ナカノムラアヤスケ『転生ババァは見過ごせない! 2:元悪徳女帝の二周目ライフ』

 帝国の負の遺産に直面する羽目になるババァ。
 盗賊団を壊滅させて、ため込んだ財産ごとハンターギルドに引き渡したラウラリス。ちょろまかした野盗のお宝に混じっていた呪具から、帝国の亡霊「亡国を憂える者」なる帝国復活を目論む連中と事を構えることになる。
 一方、別の勢力らしき腕利きの男が、同じく呪具を探していて、協力を依頼してくる。互いに警戒しあいながら、「亡国」の幹部の一人エカロを追うことになる。


 潜伏先の町に移動。そこでは次々に女性がさらわれていた。当りをつけた商会に、貴族令嬢っぽい姿で潜入するが、単純にコスプレショップであった。そこで、怪しい動きをしている誘拐被害者の存在を知り、その大商会が協力していることを確認。彼らの伝手を使って、アジトへの侵入を試みる。敵地に武装解除された状態で潜入というリスクを高い手を平然と使ってくるラウラリスさん。まったく危なげはなかったけど…
 エカロの降霊術でラウラリスを呼び出そうという試み、すでに本人が復活している時点で失敗が約束されているんだよな。
 本拠に突入し、降霊術の犠牲になりそうな女性も保護、エカロも倒され、一件落着と思いきや、最後の最後で呪具を使って降霊を実行するエカロ。そして、引き当てた霊は、ラウラリスの父親、彼女に簒奪された愚王だった。怨念を晴らそうとする悪霊ともう一度ぶっ殺せると大喜びの女帝の闘い。呪詛をあっさりと振り払い、膾切り。300年地獄に閉じ込められた悪霊をあっさりと成敗。

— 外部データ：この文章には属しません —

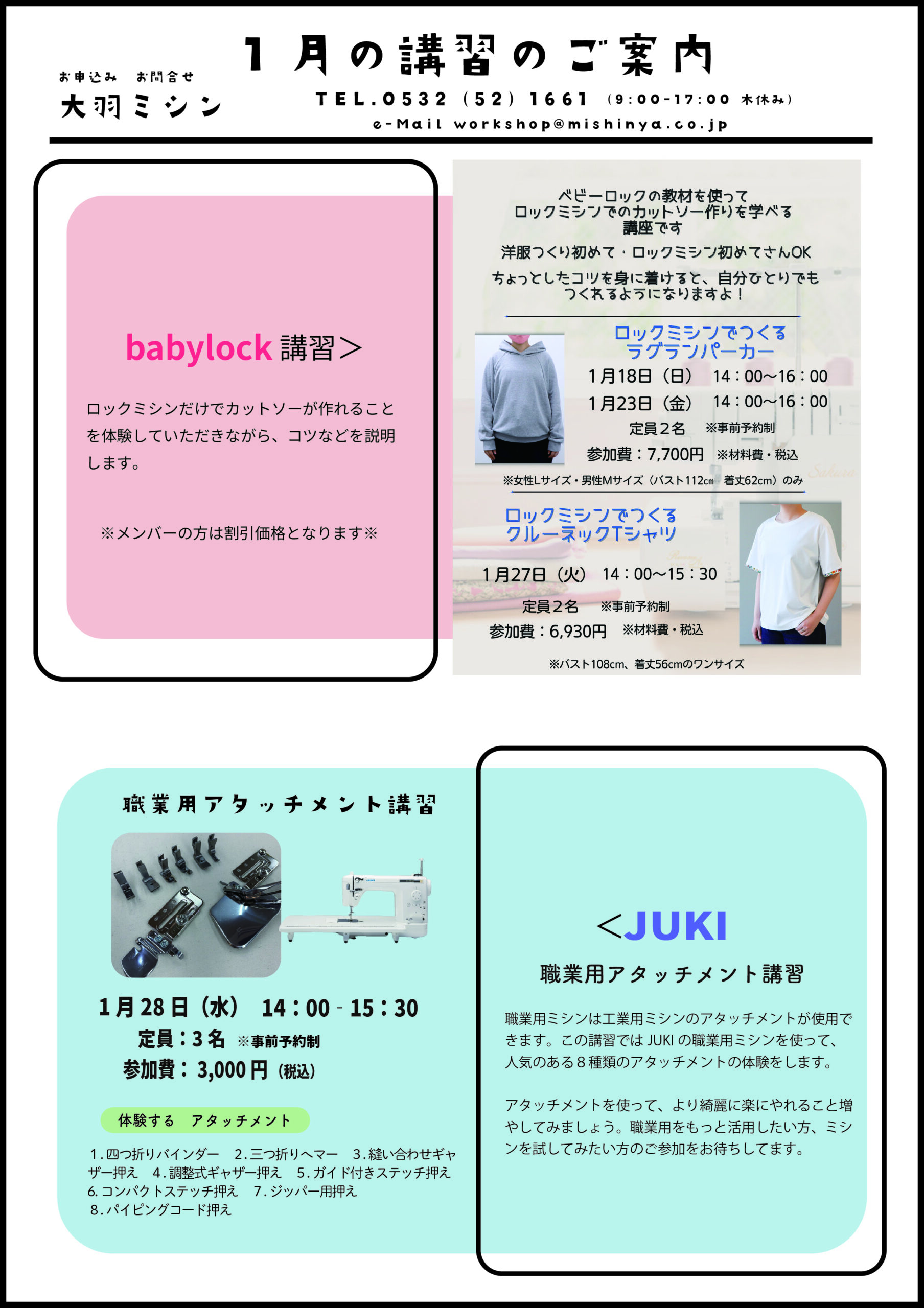職業用ミシンをもっともっと活用したい方、職業用ミシンのご購入を検討されている方にも楽しんでいただける内容です。

 悪徳女帝を倒した後、そのカラクリ、帝国に悪名を集める一方で、対抗勢力の育成、帝国に店じまい、に気付いた「勇者」は、その意志を継いで、裏で腐敗を糺す特務機関「獣殺しの刃」を復活。「全身連帯駆動」の使い手をその核として育成した、と。
 女帝を継ぐ者たち。そして、女帝の敵の残滓が明らかになる。
 しかしまあ、現実世界では、超法規的権限を与えられた特務機関とか、暴走する要素しかないよなあ。CIAしかり、KGBしかり。だいたい、体制護持で暴走するんだよな。


 あとは、ラウラリスの黒歴史、「美少女怪盗」w
 徹底的に再現されたコスチュームをみて、白目を剥くラウラリスさん。しかし、機能性は現物に迫るほどだったので、潜入に使うとか。


 番外編は「暴れん坊皇帝」。お忍びで、市井に紛れ込んで無道な貴族を叩き潰す。水戸黄門暴れん坊将軍と遠山の金さんが混ざっているような塩梅だな。裁きのシーンは遠山の金さん的な。